Clinical Health Updates

Betamethasone, calcipotriol best for intertriginous psoriasis

Clinical Question:
What is the best treatment for psoriasis?

Bottom Line:
The 1% pimecrolimus was shown to be less potent than 0.1% betamethasone in the treatment of IP. Considering the adverse-effect profile of long-term application of corticosteroids, occasional or intermittent rescue therapy with short-term topical corticosteroids and maintenance with a less potent agent, such as 1% pimecrolimus or 0.005% calcipotriol, might be appropriate for patients with IP in general practice.

Reference:
Kreuter A, Sommer A, Hyun J, et al. 1% pimecrolimus, 0.005% calcipotriol, and 0.1% betamethasone in the treatment of intertriginous psoriasis. A double-blind, randomized controlled study.

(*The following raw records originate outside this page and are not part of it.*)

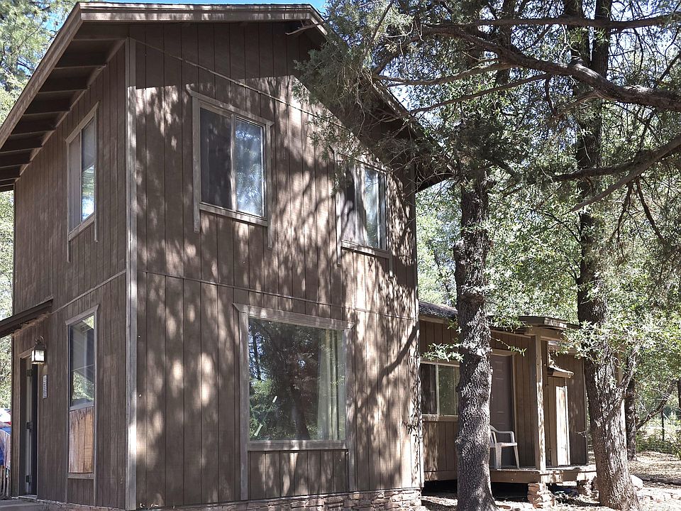 2 small CABINS on DENSELY TIMBERED ACRE. 2-story cabin built in 1997 and has HVAC system plus soap stove firewood burning stove; kitchen window box for growing herbs; full bath with combo tub /shower; saltillo tile; Tongue-In-Groove oak flooring on main floor; private bedroom upstairs and east-facing porch off the kitchen. Detached cabin was converted from a garage in 2018 - 2019 into a studio layout; has tiled floor; firewood burning stove; unfinished kitchen; walk-in tiled shower in the bath and attached laundry room with separate access door from the exterior. Acre lot is completely fenced for pets and/or livestock and has swinging pipe gate for security. Detached storage shed. 2 wells - both equipped. Septic system in very good condition with 2 new leach lines installed about 5 years ago. Property has a lot of wear and tear, plus some damage caused by animals; needs numerous repairs!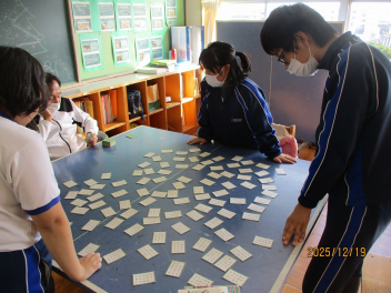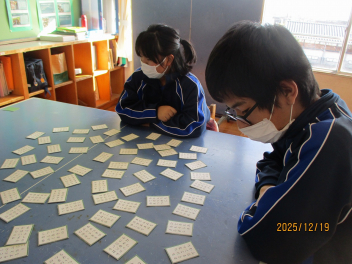 百人一首に取り組みました。 最初は読み上げられる句をじっと聞き、静かに下の句を探していました。しかし、試合が進むにつれ「一枚でも多く、早く取りたい!」という思いが、いつの間にか前のめりの姿勢に変わっていました。最後には、少しでも早く札に手を伸ばそうと自然に立ち上がり、全力で挑む姿が見られました。
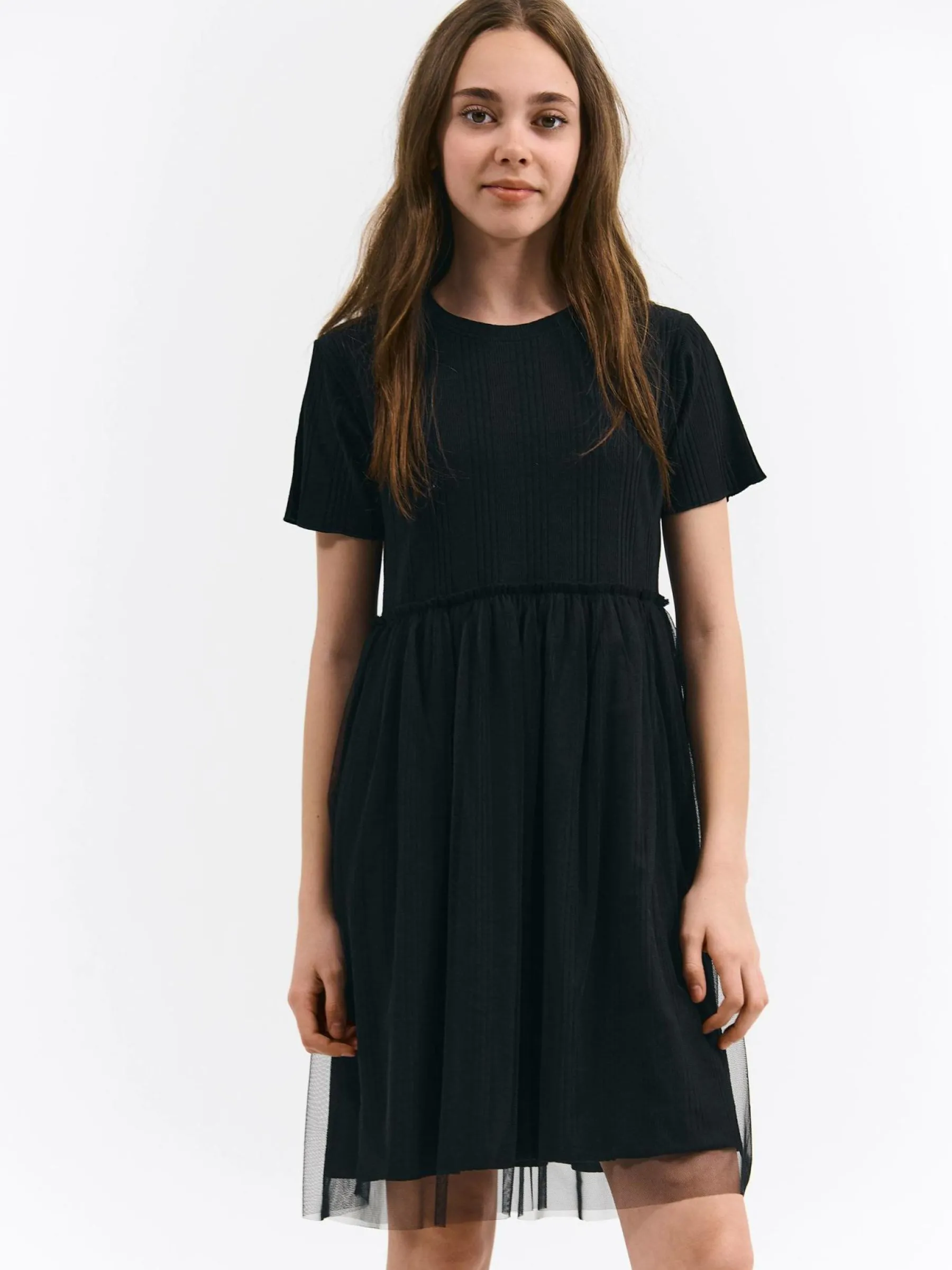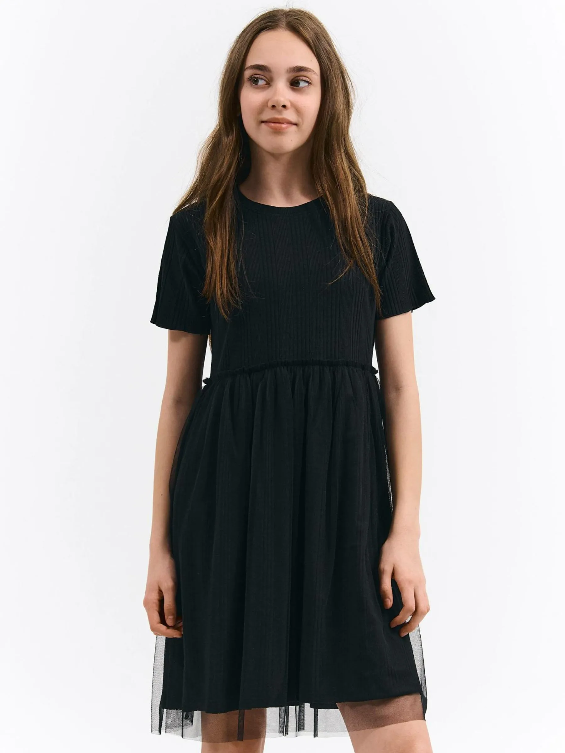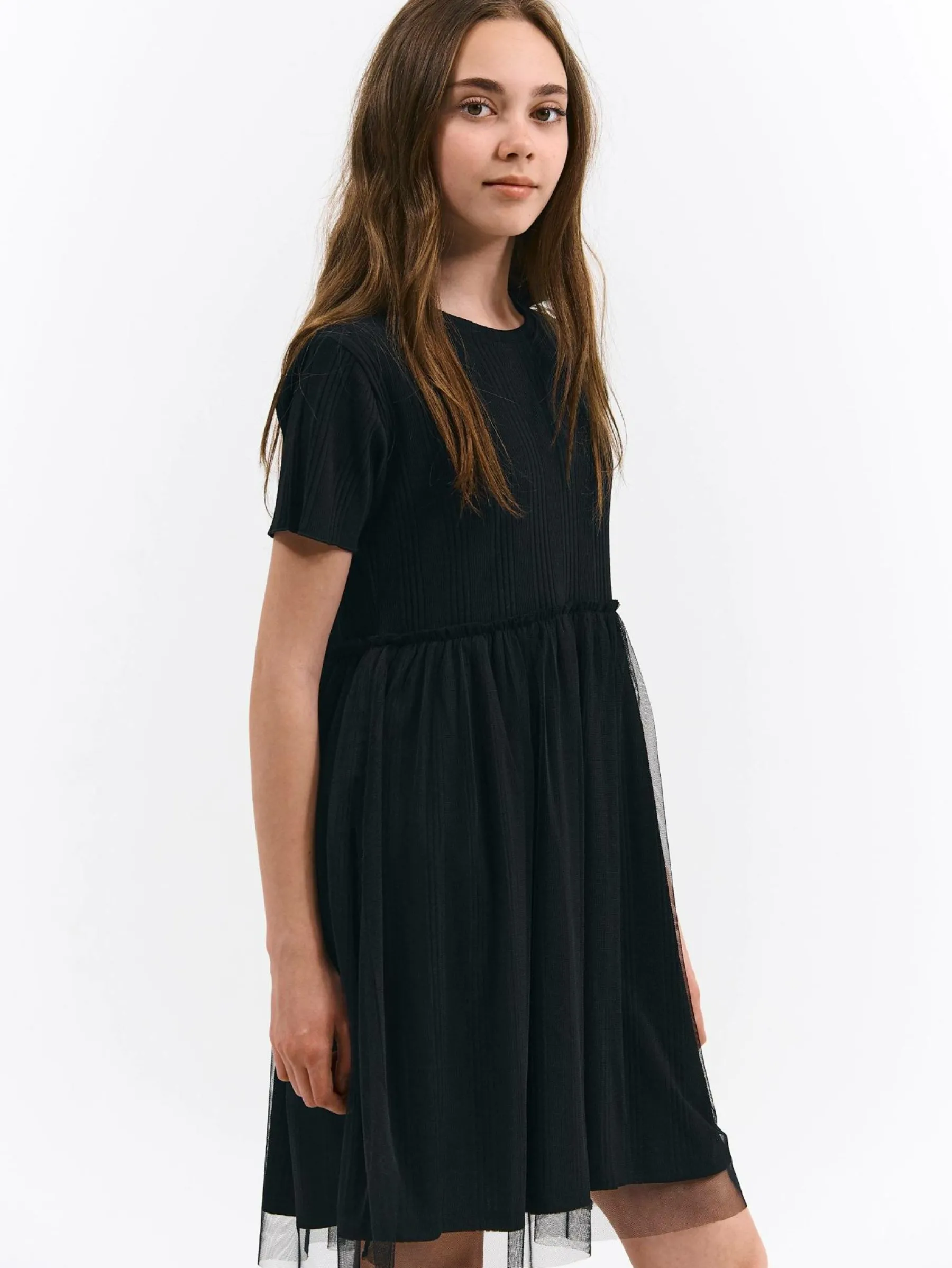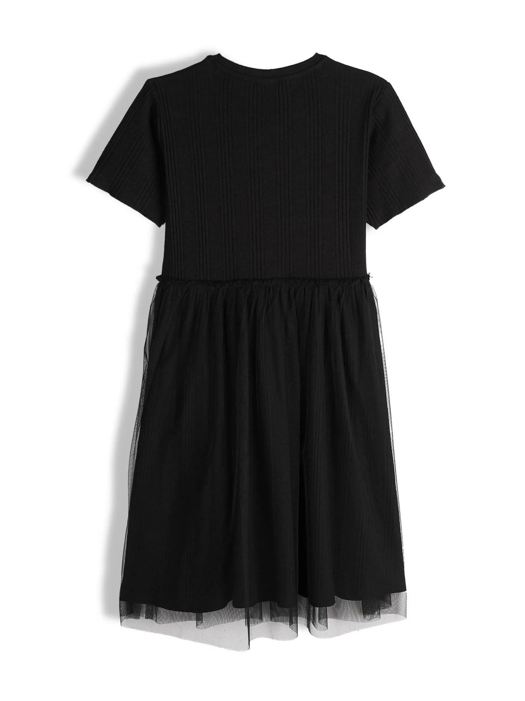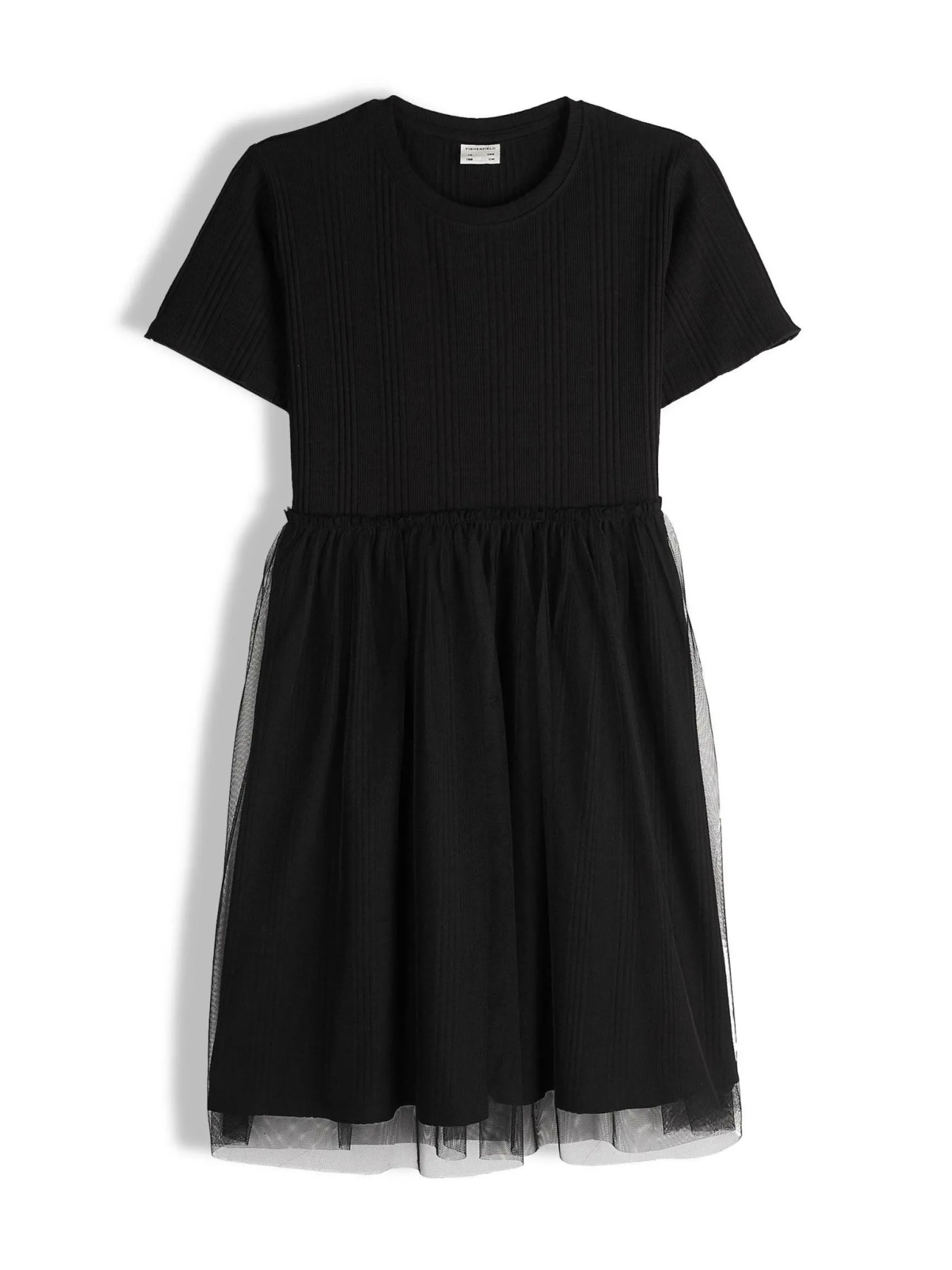 Kolor: czarnyKrój: asyTyp: sukienkaRekaw: krótki rękawDługość: miniPattern style: pojedynczy kolor, żebrowanyDeta…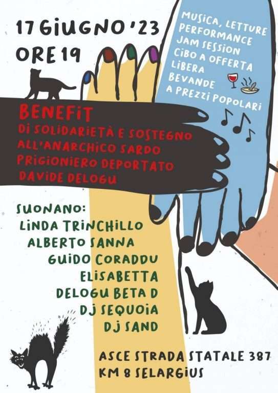 Sabato 17 giugno presso la sede dell’Asce si svolgerà un concerto di solidarietà e sostegno all’anarchico sardo prigioniero deportato Davide Delogu.
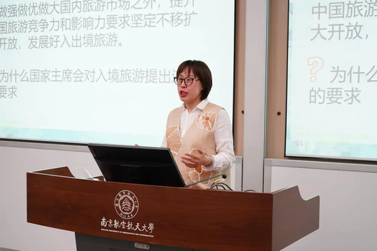 活动中,长期从事文旅行业的资深专家、中国国旅(江苏)国际旅行社有限公司入境中心总经理周焱为同学们解析了当前我国发展入境旅游、实行240小时过境免签政策的背景下,旅游行业对于导游人才、尤其是外语语种人才的需求。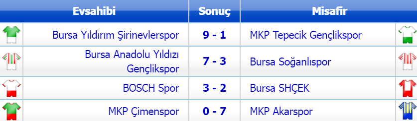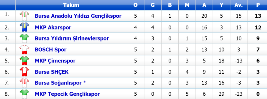 8 takımlı grubun dibine demir atan puansız Tepecik Gençlik ise deplasmanda karşılaştığı Bursa Yıldırım Şirinevler’e 9-1 mağlup oldu. 5’inci maçında da puan alamayan Tepecik, bu skorla kötü gidişatını sürdürdü.

Arch Dermatol 2006;142:1138-1143.

Study Design:
Randomized controlled trial (double-blinded)

Synopsis:
IP occurs in the axillae, under the breasts, in the inguinal folds, and on the buttocks and genitals. It is very pruritic and is typically worsened by perspiration. Treatment options (all topical) include corticosteroids, pimecrolimus and tacrolimus, and calcipotriol. In this study, 80 patients with IP from a dermatology clinic were randomly assigned to receive either 1% pimecrolimus, 0.005% calcipotriol, 0.1% betamethasone valerate, or vehicle cream once daily for 4 weeks, followed by 6 weeks without treatment. The primary outcome was the Modified Psoriasis Area and Severity Index (M-PASI) measured at days 0, 14, 28, 42, and 70. Groups were balanced at the start of the study and analysis was by intention to treat. There were only 5 withdrawals, including 3 in the betamethasone group. The mean M-PASI scores decreased from 22.1 to 2.9 in the betamethasone group (86%), from 25.3 to 9.7 in the calcipotriol group (62%), from 19.5 to 11.5 in the pimecrolimus group (39.7%), and from 18.2 to 13.8 in the placebo group (21.1%). There were statistically significant differences between betamethasone and pimecrolimus and vehicle cream, and between calcipotriol and vehicle cream. There was no significant difference between pimecrolimus and vehicle cream. The authors of this study, funded by the manufacturer of pimecrolimus, play up the adverse effects of betamethasone and calcipotriol while ignoring the fact that adverse effects were actually most common in the pimecrolimus group. It is important to note that the European Medicines Agency, which checks the safety of drugs in the European Union, has warned doctors and patients using pimecrolimus about a possible risk of skin cancer and lymphoma.